TIMING - Wait ended at: Sat Mar 20 06:05:35 UTC 2021
Generating connection YAML file...
[I 06:05:52.073 NotebookApp] 302 POST /node/carina-10-123-0-3/8071/login (10.123.0.7) 3.000000ms
[I 06:05:52.311 NotebookApp] 302 GET /node/carina-10-123-0-3/8071/ (10.123.0.7) 0.960000ms
[I 06:06:02.239 NotebookApp] Creating new notebook in
[I 06:06:07.794 NotebookApp] Kernel started: d7250af7-0ada-4e6d-9735-c5b4fff36328, name: python3
[I 06:06:24.505 NotebookApp] Starting buffering for d7250af7-0ada-4e6d-9735-c5b4fff36328:195b31fb0b7a41558708f352a6775885
[I 06:06:24.814 NotebookApp] Saving file at /Untitled6.ipynb
[W 06:06:28.215 NotebookApp] Forbidden
[W 06:06:28.216 NotebookApp] 403 GET /node/carina-10-123-0-3/8071/api/sessions?_=1616220355328 (10.123.0.7) 3.390000ms referer=https://carina-ondemand.usc.edu/node/carina-10-123-0-3/8071/tree?
[W 06:06:28.217 NotebookApp] Forbidden
[W 06:06:28.218 NotebookApp] 403 GET /node/carina-10-123-0-3/8071/api/terminals?_=1616220355329 (10.123.0.7) 3.780000ms referer=https://carina-ondemand.usc.edu/node/carina-10-123-0-3/8071/tree?
slurmstepd: error: *** JOB 133 ON carina-10-123-0-3 CANCELLED AT 2021-03-20T06:06:37 ***

What do your configs look like? specifically allow_origin and disable_check_xsrf. I’d hone in on the 403 unauthorized. Maybe there’s some setting that’s off of somthing in the middle stripping the authorization header?

Thanks for your suggestions.

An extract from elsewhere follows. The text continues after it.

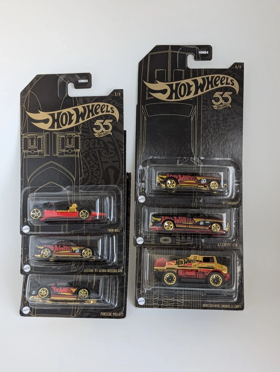 65Selling a Hot Wheels 55th Anniversary collection set. With chase car - Mercedes unimog. Perfect for collectors!
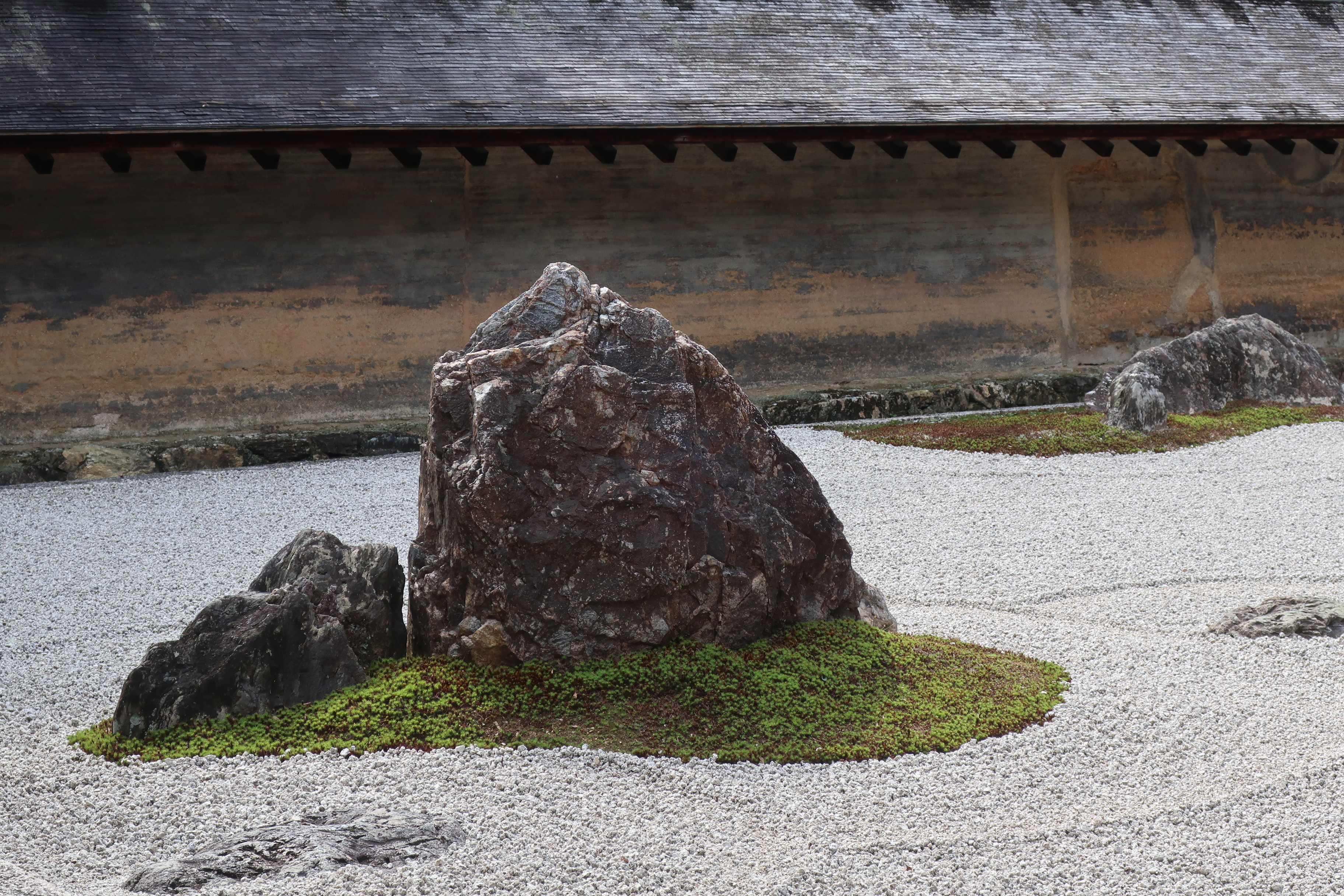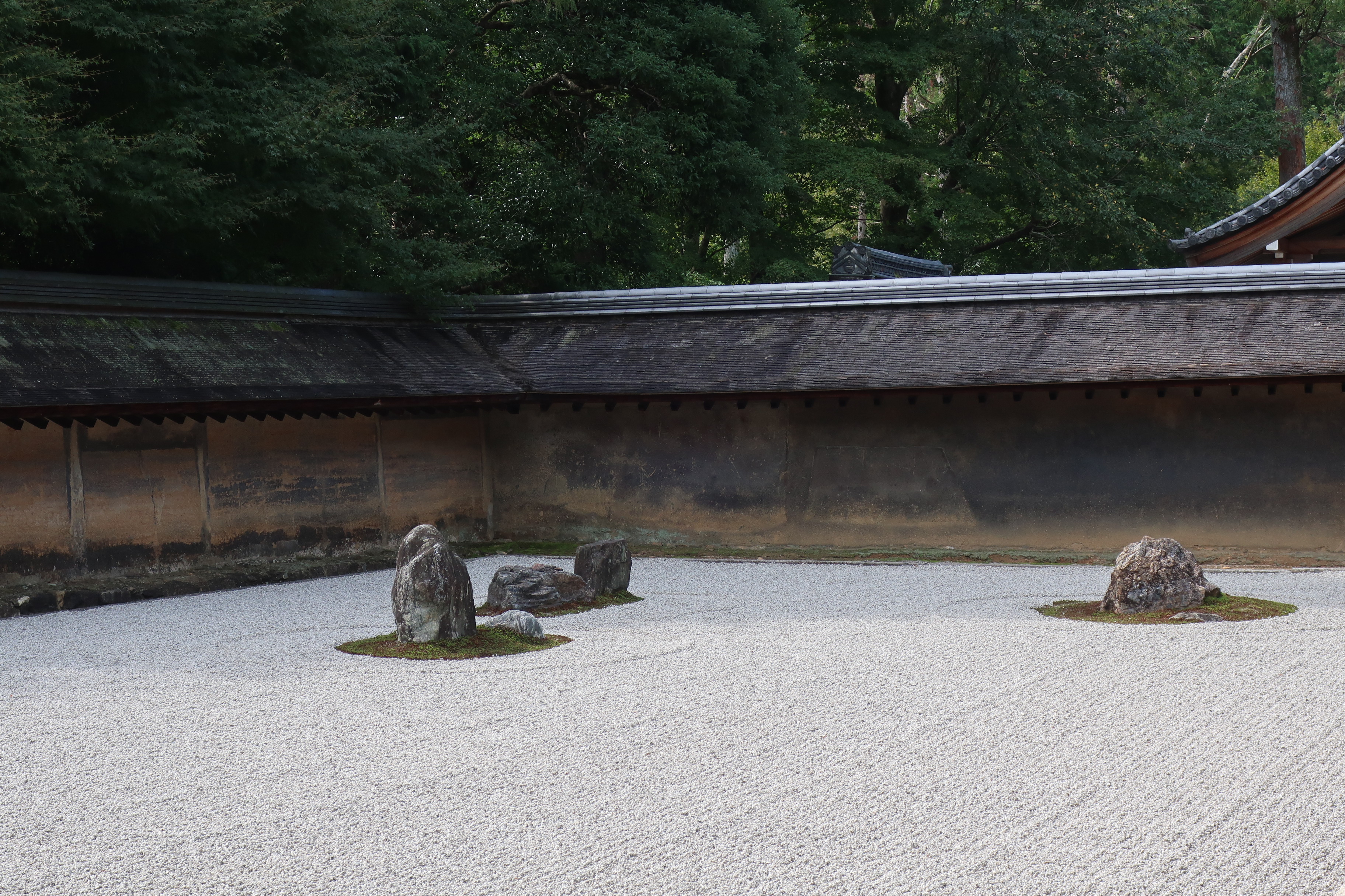 Der Tempel Ryoan-ji (Buslinie 12 oder 59) ist bekannt für seinen Zen-Steingarten. 15 Steine in einem Kiesbett. Das Kies schön in geraden Linien gerecht. Wir sitzen auf den Stufen am Rand des Steingartens und lassen ihn auf uns wirken. Und versuchen alle 15 Steine auf einen Blick zu sehen. Rund um den Tempel ist ein schöner Garten mit See.

Here is what is in the ondemand/dev/jupyter/template/before.sh.erb:

(
umask 077
cat > "${CONFIG_FILE}" << EOL
c.NotebookApp.ip = '*'
c.NotebookApp.port = ${port}
c.NotebookApp.port_retries = 0
c.NotebookApp.password = u'sha1:${SALT}:${PASSWORD_SHA1}'
c.NotebookApp.base_url = '/node/${host}/${port}/'
c.NotebookApp.open_browser = False
c.NotebookApp.allow_origin = '*'
c.NotebookApp.notebook_dir = '${HOME}'
c.NotebookApp.disable_check_xsrf = True
EOL
)

On my OnDemand host, in the _error_ssl.log I keep seeing:

[Sat Mar 27 20:02:25.411031 2021] [proxy:error] [pid 2093] (111)Connection refused: AH00957: WS: attempt to connect to 10.123.0.3:80 (*) failed
[Sat Mar 27 20:02:25.411108 2021] [proxy_wstunnel:error] [pid 2093] [client 10.21.74.14:4078] AH02452: failed to make connection to backend: carina-10-123-0-3

10.123.0.3 is the compute node where the python notebook is running, and I verified port 80 is open- my OnDemand host can do a GET with curl or something like that, so nothing is blocking port 80.